Celine rolls her eyes. “Your grace and maturity continue to astound me.”

“Give me five synonyms for hypocrite, and yes, you’re allowed to use your own name.”

Watching this girl screw up her face before she insults me is like watching a striker run up to take a penalty. “Has anyone ever told you—” she begins with more acidity than the average lemon tree.

But she’s interrupted by a raised voice through the door. “I’m sorry,” someone says crisply, “but you can’t be serious right now.”

“What’s that supposed to mean?” a second voice demands.
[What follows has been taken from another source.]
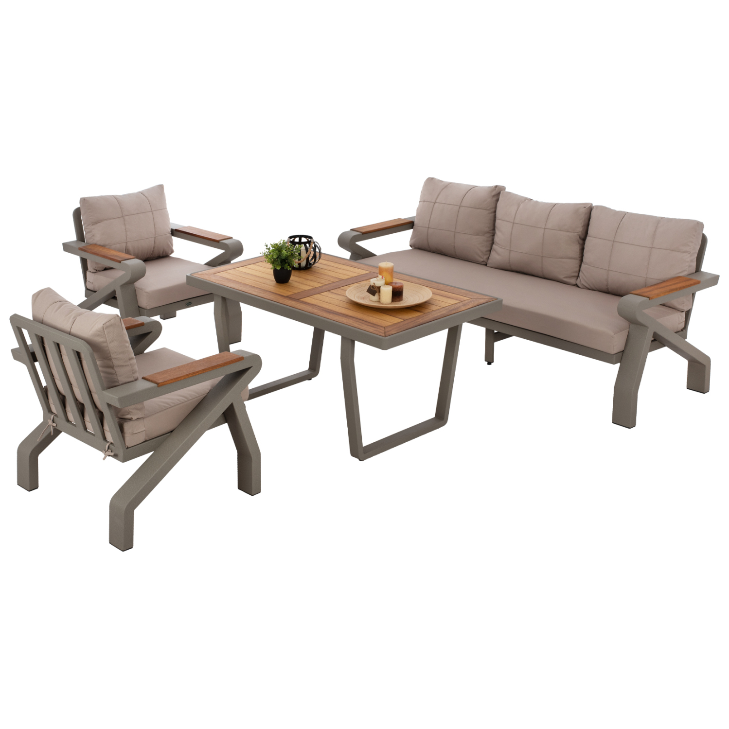 ΗΜ5885.01—Σας παρουσιάζουμε το εντυπωσιακό και νέο σετ εξωτερικού χώρου σε ΓΚΡΙ χρώμα, με τραπεζάκι, 2 πολυθρόνες και 1 τριθέσιο καναπέ. Ένα σετ που θα το λατρέψετε με την πρώτη ματιά. Το όμορφο τραπέζι έχει επιφάνεια από ξύλο ΙΡΟΚΟ και τραπεζοειδείς βάσεις αντί για παραδοσιακά πόδια. Οι πολυθρόνες είναι εξίσου εντυπωσιακές. Το design τους είναι πανέμορφο στην όψη ενώ η στιβαρότητά τους είναι εμφανής χάρη στα φαρδιά τετραγωνισμένα πόδια που το επάνω μέρος τους αποτελεί τα μπράτσα αυτών των πολυθρόνων. Το κάθισμά τους είναι φαρδύ ενώ η πλάτη τους έχει μια ελαφριά κλίση προς τα πίσω πράγμα που επιτείνει την άνεση που προσφέρουν, σε συνδυασμό με τα αναπαυτικά μαξιλάρια τόσο στο κάθισμα όσο και στην πλάτη. Ο τριθέσιος καναπές σε παρόμοιο design είναι, όμως, το πιο εντυπωσιακό κομμάτι αυτού του σετ με τις μεγάλες διαστάσεις του που τον καθιστούν το σημείο αναφοράς. Τα μαξιλάρια σε όλο το σετ είναι επενδυμένα με ποιοτικό ύφασμα σε ΜΠΕΖ χρώμα και διαθέτουν γέμισμα με μέτριας σκληρότητας αφρώδη υλικά για την μεγαλύτερη δυνατή άνεση. Τι άλλο να ζητήσει κανείς για να αναβαθμίσει τον κήπο, το μπαλκόνι ή την αυλή του;

This one I recognize: it’s Coach, who is totally sweet and makes us Rocky Road on game days whether we win or lose. She’s also what Dad would call emotionally unyielding, and her biceps are so huge she could crush your skull like an egg, but I think that’s part of her charm.

“What, exactly, are you confused about?” the first voice asks, accent bobbing up and down like the actors on Derry Girls. “We can’t make the children do push-ups as a punishment—”

“Of course we can! They’re an able-bodied class! It’s motivational! Find your arsehole, Gallagher.” (There’s that unyielding thing I mentioned.)

“Mr. Gallagher’s my Economics teacher,” Celine whispers. “Is that Ms. Morgan with him?”

I blink. “Ms…. ? Do you mean Coach?”

Celine rolls her eyes so hard, her optic nerve’s in danger of snapping. “You don’t even know your football coach’s name?”